LG: Because Mfoniso is so specific, and because she knew and trusted that we were going to give her what she wanted, I think it allowed for us to say, OK, this moment is filmic — can we figure out how to manifest it a different way? Can we show you what it might be? Mfoniso has talked about runboyrun as the “relentless play” of the cycle; rarely do you see, at the center of a play, a protagonist at that level of trauma for that long. It’s one thing to see it intellectually, I mean, but finding the actor who can fulfill that emotional viability of Disciple is another. Getting in the room and trying to reach that real depth of trauma as it manifests in the play was a beautiful process but one where we didn’t have all the answers all along. I had to calibrate other moments so the trauma of Disciple was authentic. Chiké [Johnson] is an extraordinary actor. I didn’t know Disciple’s trauma fully until I started to work with him.
AW: This idea of precision is a powerful one in these plays, and Mfoniso is 100 percent a precise writer. For In Old Age, the precision of her musicality and, really, the relationship between Disciple and Abasiama was there to be discovered. It helped to clarify the thing that is so deceptive about In Old Age, in that it’s really a four-character play — Abasiama, Azell, Disciple and the floors.
LJ: What one question would each of you ask Abasiama if she were a real person?

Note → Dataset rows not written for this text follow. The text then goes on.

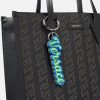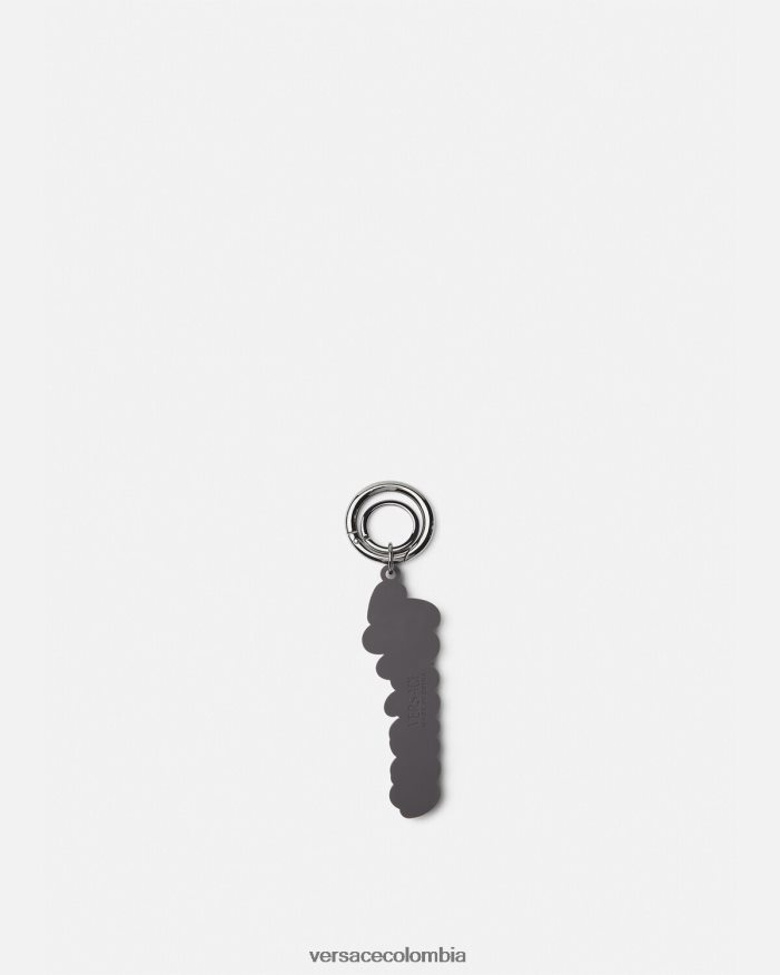Un accesorio de silicona para complementar bolsos, llaves y más de Versace. Este llavero tiene la forma del logotipo característico de Versace en estilo universitario.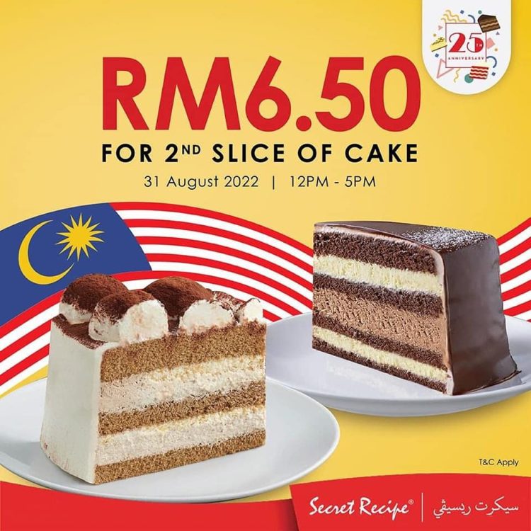 Secret Recipe menawarkan promo kek dengan harga RM6.50 sahaja pagi potongan kedua kek. Tawaran adalah sah pada jam 12 tengahari hingga 5 petang pada 31 Ogos 2022.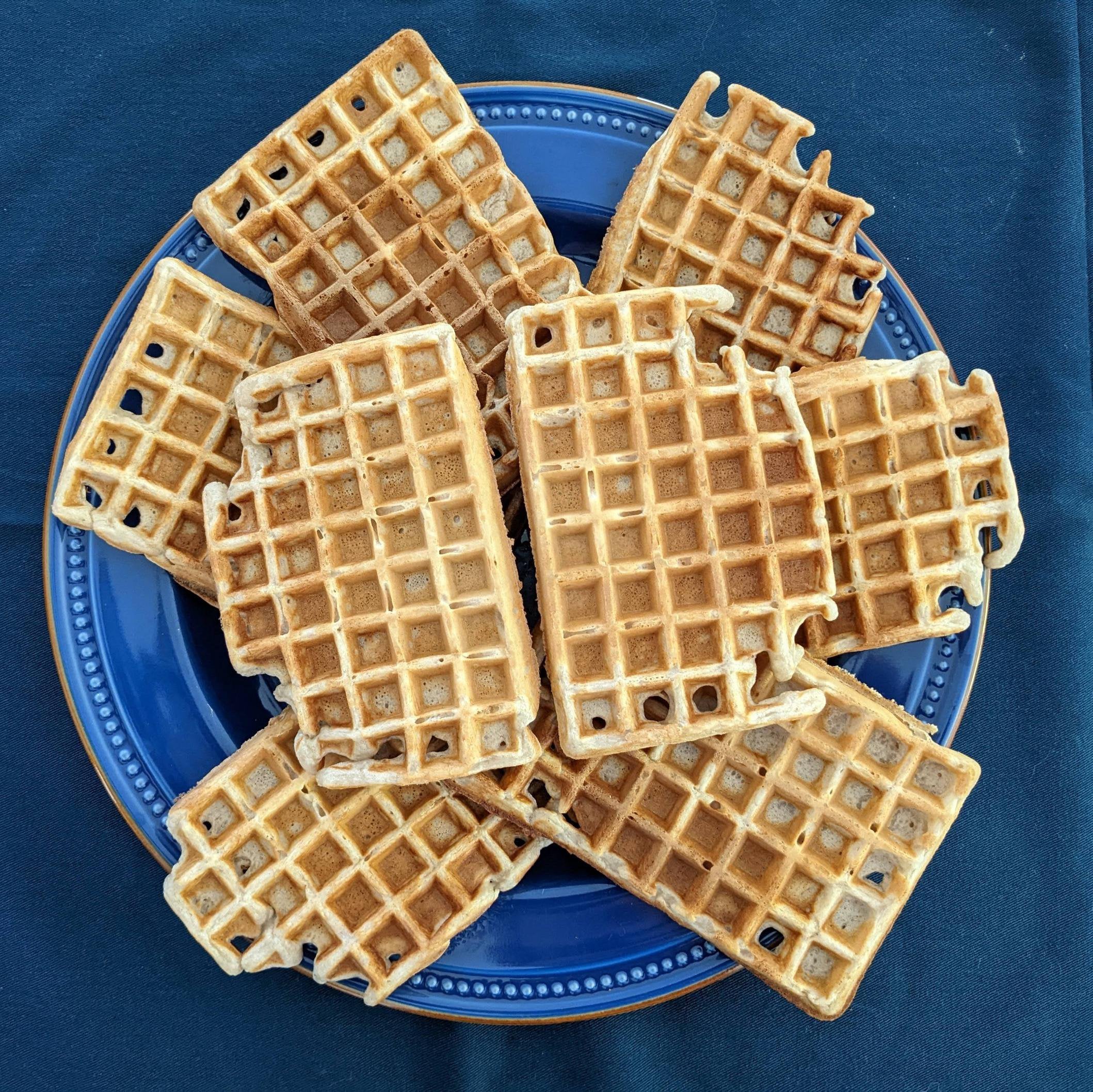 La recette : 2 bananes écrasées, 200g de farine, ~200ml de lait d’avoine (grosso modo pour avoir une pâte liquide mais pas trop), un sachet de sucre vanillé, un sachet de levure chimique. On laisse reposer une heure et hop dans le gaufrier. Avec sirop d’érable, pâte de noisette ou simplement sucre glace c’est délicieux !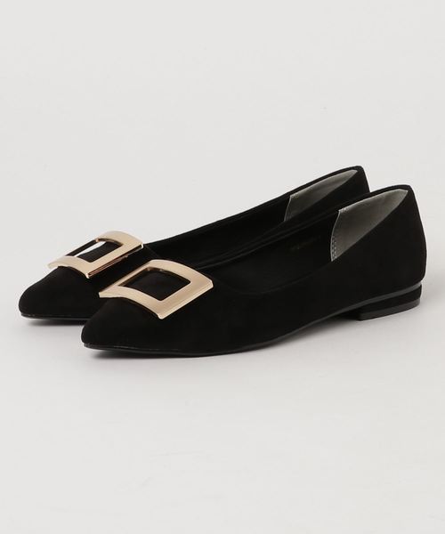 ゴールドのスクエアバックルが知的な印象を与えてくれるフラットパンプス。コーディネートのアクセントに、オンオフどちらにも重宝する優れた1足◎フラットソールとクッション性のあるインソールでとても履き心地がよく、長時間の着用もノンストレスです。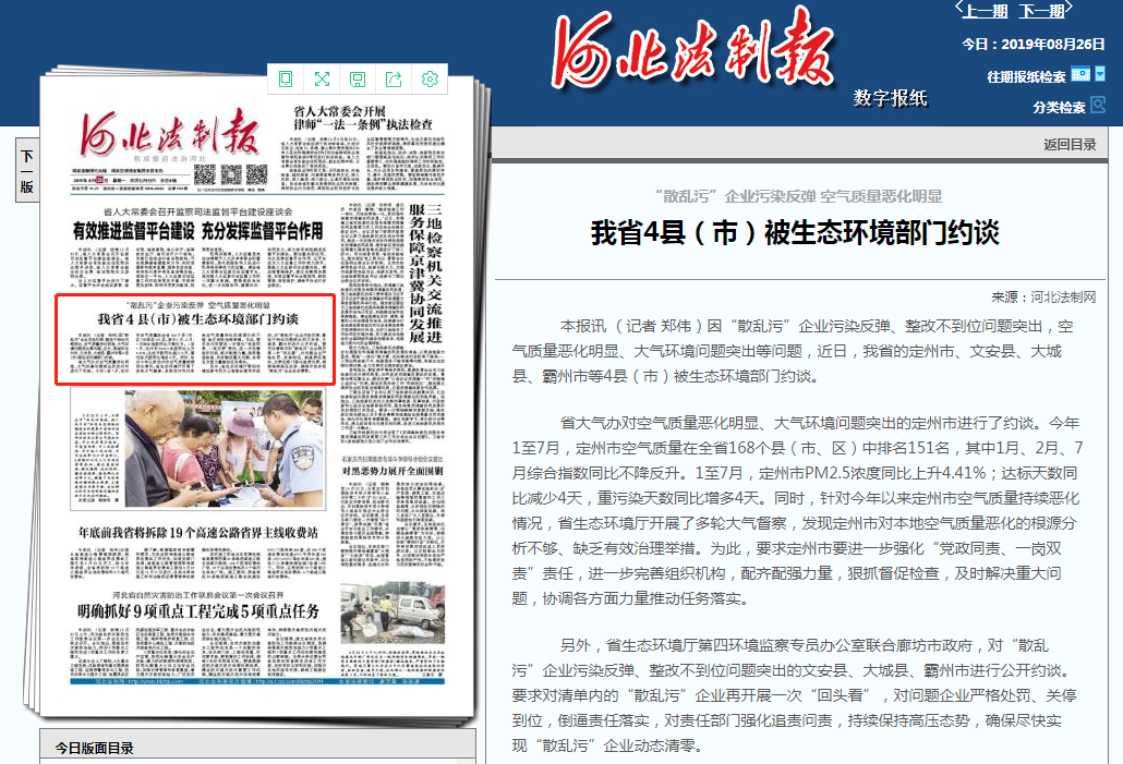 本报讯 (记者 郑伟)因“散乱污”企业污染反弹、整改不到位问题突出,空气质量恶化明显、大气环境问题突出等问题,近日,我省的定州市、文安县、大城县、霸州市等4县(市)被生态环境部门约谈。

LG: Oh my, that’s a difficult question. I think I’d ask, “Did you feel it was all worth it?” One of the things about the play is the reminder that parents inherently give selflessly so their children can have something better. For Abasiama, for this immigrant family from Nigeria, I think she thought she’d become educated and go back to Nigeria. She stays for her kids.
AW: This question makes me think of Adia and Clora [from Udofia’s Adia and Clora Snatch Joy] and women ancestors who appear to kind of look over their children. I’d ask her “How are they doing?” I’d really like to know.